Again, we match these with the IndoBERT paper (https://arxiv.org/pdf/2009.05387).

In [None]:
n_epochs: int = 25
learning_rate: float = 4e-5
optimizer: torch.optim.Optimizer = torch.optim.Adam(model.parameters(), lr=learning_rate)

## 4.3. Train and Save the Best and Final Models

*The models are saved into (and subsequently, loaded from) Google Drive. When saving, any previously saved models created from this notebook will be overwritten.*

In [None]:
best_loss: float = float("inf")
for i_epoch in range(n_epochs):
    epoch_loss, epoch_correct, epoch_count = fit(train_dataloader, tokenizer, model, criterion, optimizer)
    print(f"Epoch [{i_epoch + 1}/{n_epochs}], loss: {epoch_loss}, accuracy: {epoch_correct / epoch_count} ({epoch_correct}/{epoch_count})")
    if epoch_loss < best_loss:
        torch.save(model.state_dict(), f"/content/drive/MyDrive/NLP/models/best/indobert_classifier{i_epoch + 1}.pt")
        best_loss = epoch_loss
torch.save(model.state_dict(), "/content/drive/MyDrive/NLP/models/final/indobert_classifier_final.pt")

Epoch [1/25], loss: 413.94131806865335, accuracy: 0.8742187861673071 (18884/21601)
Epoch [2/25], loss: 307.47342503722757, accuracy: 0.9136151104115551 (19735/21601)
Epoch [3/25], loss: 227.05701800296083, accuracy: 0.9386139530577288 (20275/21601)
Epoch [4/25], loss: 160.79203585302457, accuracy: 0.9604184991435581 (20746/21601)


Sadly, we lost the 4th epoch model because our web browser crashed.

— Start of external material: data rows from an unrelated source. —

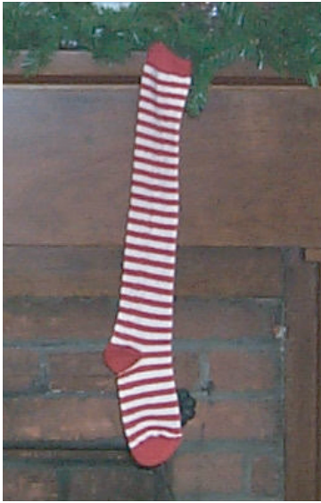
Lincoln Home Stocking
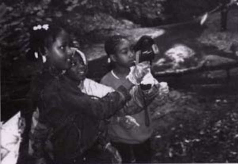
AWRI staff helped to train students, such as this group from Muskegon Heights, in environmental monitoring.
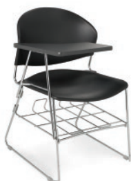
Jet | TABLET ARM + BOOK RACK
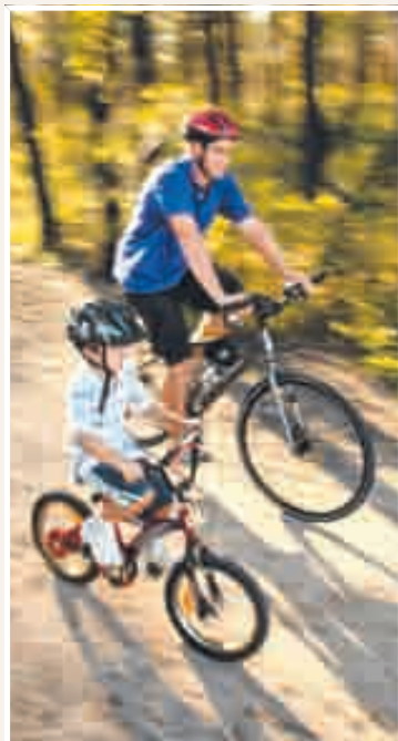
Hike and bike paths traverse parklands at Glenmore Ridge

The couple had looked at several existing properties but thought the value was much better in Glenmore Ridge, considering the cost of the land and being able to build their ideal home from scratch.
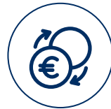
Consumers and retail customers
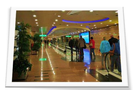
End of The Program Itinerary!
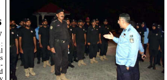
IGP Islamabad briefed Red Zone commandos on their duties and the importance of maintaining security in the Red Zone.

size the critical role of the Red Zone commandos in enhancing security for ambassadors, foreign delegations, embassies, and key public and private offices situated in the red zone, ensuring prompt resolution of any untoward incidents. He reiterated that protecting the lives and property of citizens remains the Islamabad Police’s top priority. Previously, on special orders from IG Islamabad, a combat refresher course was conducted to enhance the efficiency and professional skills of Red Zone commandos.
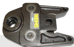
MATRIZ COM PERFIL U
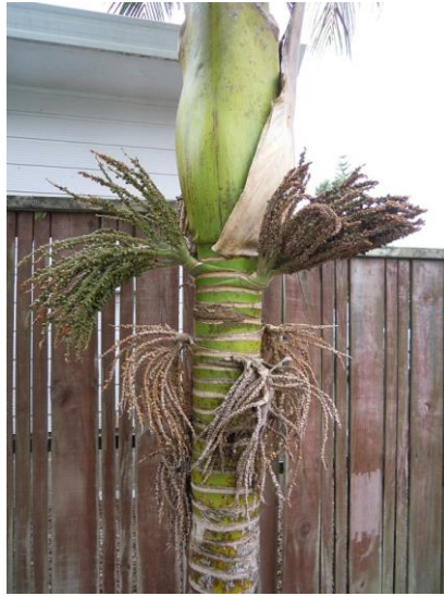
Feature - Nikau palm

We then continue fine-tuning using the saved 3rd epoch model.

In [None]:
model.load_state_dict(torch.load("/content/drive/MyDrive/NLP/models/best/indobert_classifier3.pt"))
optimizer: torch.optim.Optimizer = torch.optim.Adam(model.parameters(), lr=learning_rate)
best_loss: float = float("inf")
for i_epoch in range(3, n_epochs):
    epoch_loss, epoch_correct, epoch_count = fit(train_dataloader, tokenizer, model, criterion, optimizer)
    print(f"Epoch [{i_epoch + 1}/{n_epochs}], loss: {epoch_loss}, accuracy: {epoch_correct / epoch_count} ({epoch_correct}/{epoch_count})")
    if epoch_loss < best_loss:
        torch.save(model.state_dict(), f"/content/drive/MyDrive/NLP/models/best/indobert_classifier{i_epoch + 1}.pt")
        best_loss = epoch_loss
torch.save(model.state_dict(), "/content/drive/MyDrive/NLP/models/final/indobert_classifier_final.pt")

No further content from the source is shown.